AVAILABLE RECORDS
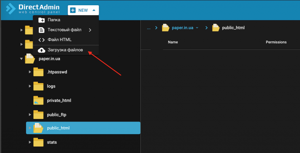 Когда вы почистили папку «public_html», оставайтесь в ней. Вверху есть кнопка «new». Нажимайте на нее и в выпадающем окне жмите «Загрузка файлов»:
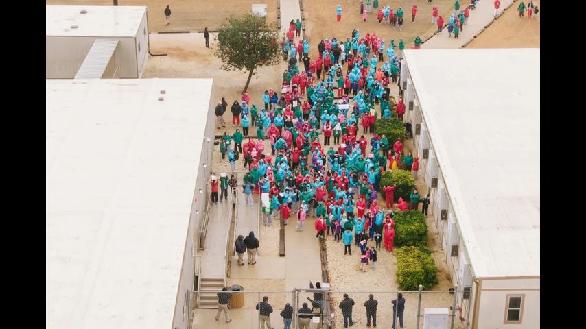 Aerial photos taken by The Associated Press showed children and parents at the South Texas Family Residential Center clad in jackets and sweaters, some of them holding signs that included "Libertad para los niños," or "Liberty for the kids."
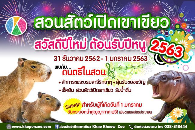 นายอรรถพร ศรีเหรัญ ผู้อำนวยการสวนสัตว์เปิดเขาเขียว เผยว่าสวนสัตว์เปิดเขาเขียว ฉลองเทศกาลวันขึ้นปีใหม่ ปี พ.ศ.2563 ต้อนรับปีหนู ขอเชิญนักท่องเที่ยวชมความน่ารักของครอบครัว หนูยักษ์คาปิบาร่า กลุ่มสัตว์ฟันแทะขนาดใหญ่ที่สุดในโลก
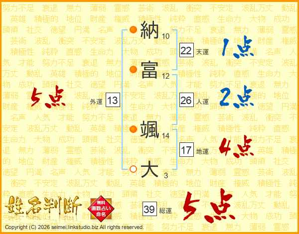 納富颯大さんの総運は39画の5点!
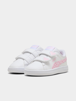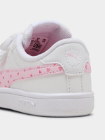 Adorable Comfort & Classic Style: The Puma Smash 3.0 Hearty V in White/Pink is a sweet and sporty update to the classic tennis-inspired silhouette. Combining a clean, timeless look with playful feminine accents, these sneakers are designed to keep your little one stylish and steady. The crisp white base is perfectly complemented by soft pink details, making it a versatile favorite for everything from playdates to family outings.

WHAT THIS TASK INVOLVES
Since the pictures are not part of the copy, please transcribe only the lines above from the one with "Aerial photos taken" through the one with "納富颯大さんの総運は39画の5点!", exactly and with both ends.

TASK OUTPUT
 Aerial photos taken by The Associated Press showed children and parents at the South Texas Family Residential Center clad in jackets and sweaters, some of them holding signs that included "Libertad para los niños," or "Liberty for the kids."
 นายอรรถพร ศรีเหรัญ ผู้อำนวยการสวนสัตว์เปิดเขาเขียว เผยว่าสวนสัตว์เปิดเขาเขียว ฉลองเทศกาลวันขึ้นปีใหม่ ปี พ.ศ.2563 ต้อนรับปีหนู ขอเชิญนักท่องเที่ยวชมความน่ารักของครอบครัว หนูยักษ์คาปิบาร่า กลุ่มสัตว์ฟันแทะขนาดใหญ่ที่สุดในโลก
 納富颯大さんの総運は39画の5点!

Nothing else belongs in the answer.